The defense goes from stingy against Tennessee and Chicago to looking like the football version of the Washington Generals – nothing but props for a highlights reel – against the Vikings. The offense has gone through parts of games where it efficiently moves the football and scores, but it hasn't been able to do either of those things when presented with opportunities at the times when the outcomes of those games are determined.
Mixed in has been just the right cocktail of turnovers, penalties, special teams gaffes, guys trying to do too much, and guys not knowing what they're doing to keep the losing streak going and thereby build on the cloud of negativity under which they must work to fix all of it.
The 2013 Steelers are a group made up of a shrinking core of veteran been-there done-that guys plus a larger number of young talent who came too late to partake in most of the successes of those veterans. The story this season is telling so far is that some of the been-there done-that guys have lost their superpowers, and that the assessment of the other group as "young talent" could be wishful thinking.
The decision-makers have to figure out which is which. The way that's done is by playing each game to win, without regard for individual accolades or standings or anything except team success each time the ball goes onto the tee, and see who gets on board.

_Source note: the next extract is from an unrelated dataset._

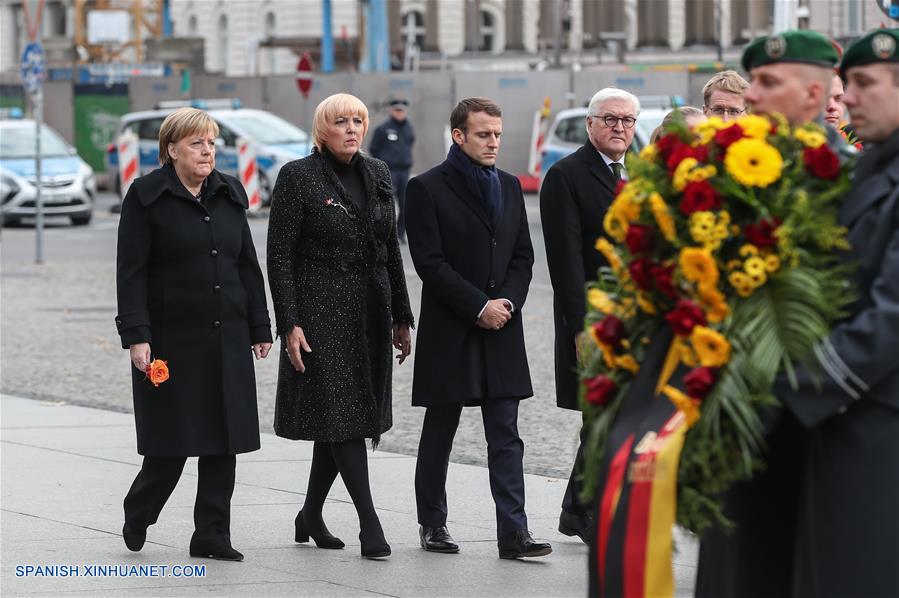 BERLIN, noviembre 18, 2018 (Xinhua) -- El presidente francés Emmanuel Macron (c), el presidente alemán, Frank-Walter Steinmeier (2-d), y la canciller alemana, Angela Merkel (i), asisten a una ceremonia de colocación de una guirnalda en el memorial Neue Wache, en Berlín, capital de Alemania, el 18 de noviembre de 2018. El presidente de Francia, Emmanuel Macron, se dirigió el domingo a los legisladores alemanes y pidió la apertura de un nuevo capítulo para Europa y hacerla más integrada, más fuerte y más independiente. Macron visitó el domingo Berlín para asistir a una serie de eventos para conmemorar el Día de Duelo Nacional de Alemania, y se reunió con la canciller alemana, Angela Merkel. (Xinhua/Shan Yuqi)
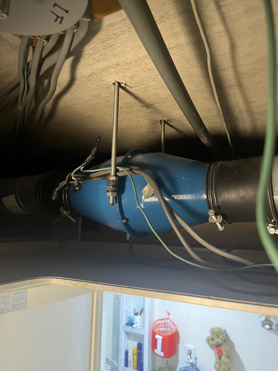 換気扇工事は久しぶりで狭い場所での作業は身体の大きい僕にとっては一番苦手な作業です(笑)

"We are going to focus on getting better," Mike Tomlin was saying behind a microphone at Wembley Stadium. "That's what's going to change the outcome of these football games. Those who don't aren't going to be a part of us. I have great patience. We'll continue to work and get better, as long as I see belief and effort and continued improvement in detail, because that's what's going to change the outcome of these games. Those who don't, they won't be a part of it, whoever it may be. It's just that simple."
Sounds like something Noll might have said to the players from 1968.